Bir kemer sıkma bütçesi önererek ve Federal Rezerv’i yönetmesi için bir enflasyon şahini Paul A. Volcker’ı atayarak ekonomik krize yanıt verdi. Volcker, faiz oranlarını %20’ye kadar çıkardı ve bu da sonunda enflasyonu dizginledi. Ama o zamana kadar Carter, Plains, Ga’da sıradan bir vatandaştı.
Biden muhtemelen Fed başkanı Jerome H. Powell’ın 2024 seçimlerinden önce ekonomiyi yumuşak inişe yönlendirmeye çalışırken daha nazik davranacağını umuyor.
Bu arada, başkan Carter tarzı kemer sıkmayı benimsemiyor. Bunun yerine, yönetiminin altyapı ve üretim işlerine yaptığı harcamaları öne çıkarıyor.
Carter’ın düşüşünden üçüncü bir ders: Dış politika başarısı, bir başkanın yeniden seçilme ihtimaline yardımcı olmayabilir, ancak dış politika başarısızlıkları zarar verir.
Carter, Sovyetler Birliği ile büyük bir nükleer silah anlaşması imzaladı, Çin ile diplomatik ilişkileri normalleştirdi ve İsrail ile Arap komşuları arasındaki büyük savaş tehdidini sona erdiren Camp David anlaşmalarını müzakere etti.
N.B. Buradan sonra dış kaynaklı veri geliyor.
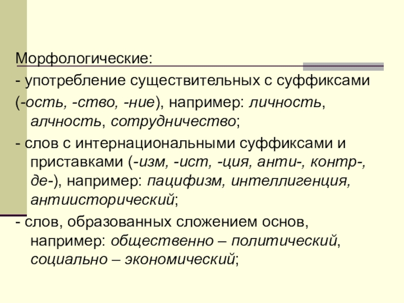 слов с интернациональными суффиксами и приставками (-изм, -ист, -ция, анти-, контр-, де-), например: пацифизм, интеллигенция, антиисторический;

Ancak 1980’de yeniden seçilmek için adaylığını koyduğunda, çoğu seçmen için önemli olan tek uluslararası mesele, İran’ın 52 Amerikalı rehineyi ele geçirmesiydi ve bu, Carter’ın çözemediği bir sorundu.
Daha sonra Carter, görevin başarısızlığına atıfta bulunarak, kazanma konusunda “bir helikopter eksik” olduğunu söyledi. Kaybının birçok nedeni vardı ama bu olay muhtemelen şansını mahvetti.
Biden’ın en büyük dış politika başarısı – Rusya’nın Ukrayna’yı işgaline karşı çıkan bir koalisyondaki liderliği – onay notlarını desteklemiş gibi görünmüyor; son altı aydır %43 civarında takılıp kalmış durumdalar.
Ancak en azından Ukrayna, halkın ABD’nin 2021’de Afganistan’dan başarısız bir şekilde çekilmesine dair hafızasını yerinden etti.
Biden, niyetini söylediği gibi ikinci bir dönem için aday olursa, Carter’ın hayatı bir ders daha verebilir: Seçmenlerin kararı her zaman son söz değildir – kazan ya da kaybet.